[Tinyos-devel] timestamps in seriallisten/sflisten etc.

Omprakash Gnawali gnawali at usc.edu
Thu Jun 26 08:32:29 PDT 2008


On Thu, Jun 26, 2008 at 8:00 AM, Philip Levis <pal at cs.stanford.edu> wrote:
>
> On Jun 26, 2008, at 7:34 AM, Razvan Musaloiu-E. wrote:
>
> >>
> >>
> >> Does each packet source add a timestamp? If not, where does the
> >> timestamp originate? Say I have a chain of
> >>
> >> mote -> SF-a -> SF-b -> SF-c -> client
> >>
> >> What timestamp will the client see? An SF can use any packet source,
> >> after all. Or is an SF packet source a special case where you do not
> >> add a timestamp?
> >
> > I think the timestamp the client is interested in is the one from
> > SF-a, the SF that is the closest to the mote. That's what he could
> > have computed himself if he was directly connected to the mote.
>
> So how does this work?
>
> A packet will need to have a timestamp field. Does it have a chain of
> timestamps from each hop, or a single one? Each packet source would
> need to be able to overwrite(single)/add(chain) a timestamp.

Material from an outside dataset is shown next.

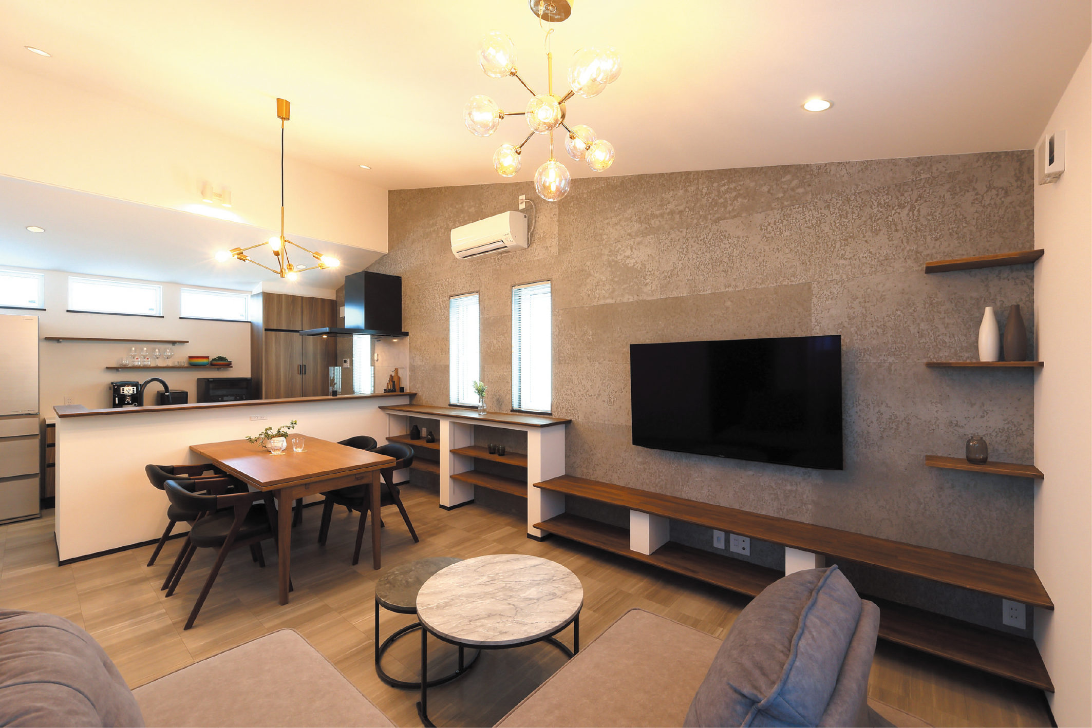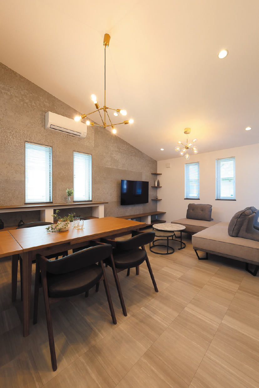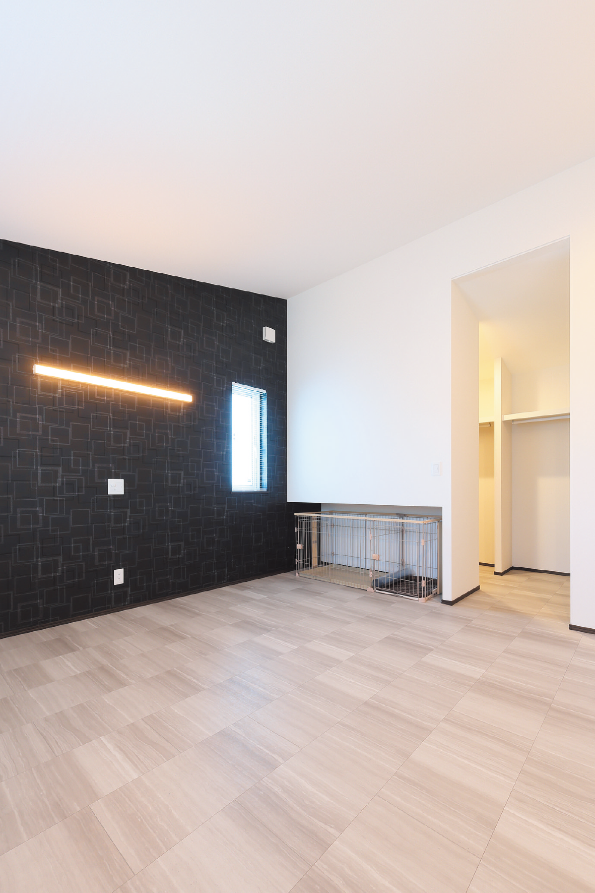 敷地が限られる中で駐車場を十分確保し、家族が集うリビングを中心に設計。外観はグレーの落ち着いた佇まい。1階に子ども部屋と水回り、2階にLDKと寝室を配置し、斜め天井で開放感を演出しました。室内は白を基調に、LDKの壁には表情豊かなボード・SOLIDO(ソリド)を採用。キッチンは家族の顔が見えるように配置され、寝室には愛犬のケージが収まる工夫も。収納や造作棚も充実し、洗濯動線も1か所で完結。太陽光発電とエコキュートをHEMSで連携し、余剰電力を活用して電気代を抑えながら消費を最適化した、安心と快適を叶える未来志向の住まいです。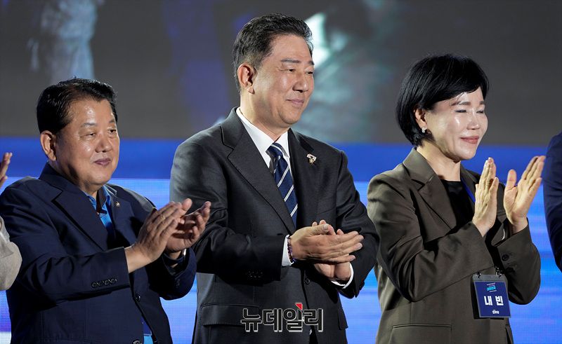 김병기 더불어민주당 당대표 직무대행 겸 원내대표를 비롯한 지도부가 2일 오후 경기 고양시 킨텍스 제2전시장에서 열린 제2차 임시전국당원대회에서 인사를 하고 있다. (경기 고양=서성진 기자)

If the
> former, probably the best way would be to have an option on packet
> sources as to whether they overwrite the timestamp. I.e., in the case
> above, SF-a's packet source of serial@ has the overwrite option set.
>
> This would involve changing the serial packet formats and logic in
> all of the current support codes (C, C++, Python, Java) and in
> TinyOS, and incrementing the protocol identifiers to detect
> mismatches. Any user code which has been written to read serial
> packets will need to be updated.
>

Are timestamps hard to implement or not necessary? My observation is
almost everyone has had to devise some kind of timestamping scheme. So
the hope was to have this discussion to come up with a general enough
solution that worked for most people.